By interpreting this distribution as a posterior distribution of \(r\) we can say that a 95% *credible interval* is (0.672,0.835). Often exactly the same interval is interpreted as a *confidence interval* so both Bayesian and frequentist interpretations are used for this bootstrap interval.

**(Philosophical) Discussion:** Even though both Bayesian and frequentist interpretations are used for this interval, there seems not to be good arguments why this interval is a suitable confidence interval, other than acknowledging that it is actually a credible interval that has a good frequentist calibration. For example, a nice treatment of the bootstrap by Hesterberg (2014) p.54 says that “*The bootstrap percentile interval has no particular derivation - it just works. This is uncomfortable for a mathematically-trained statistician, and unsatisfying for a mathematical statistics course.*” This “problem” may exist with the frequentist interpretation, but does not exist with the Bayesian interpretation, because there this percentile interval of the bootstrap sample is the most obvious estimate for the credible interval.

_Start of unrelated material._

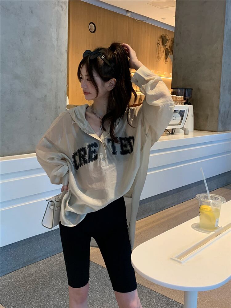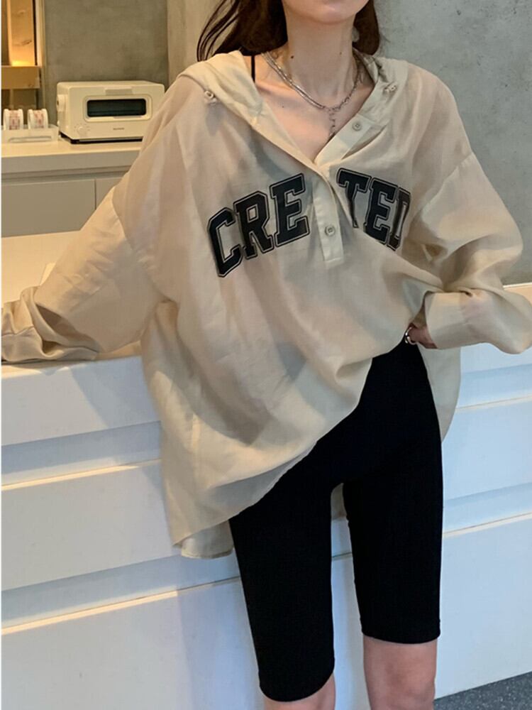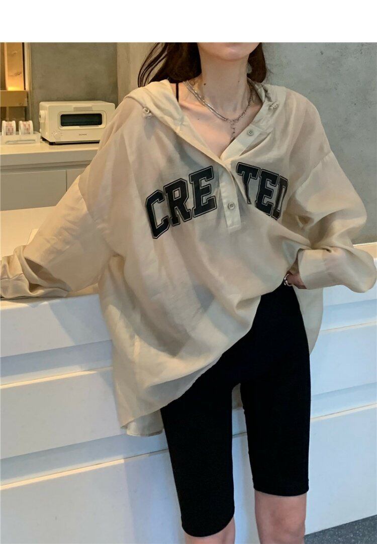 フード薄手サマーシャツ ルーズトップス ロング 夏物 s576190095138548

We see that in our example case this interval agrees well with the Fisher’s transformation above (0.667,0.835), but let’s also do some empirical testing to see how this interval is calibrated over possible other data sets that we could have used for making the bootstrap sample. Let’s make 2000 replicates of the whole bootstrap procedure, each replicate coming from its own data set, and compute the proportion of the replicates where the 95% bootstrap interval contains the true value of \(r\).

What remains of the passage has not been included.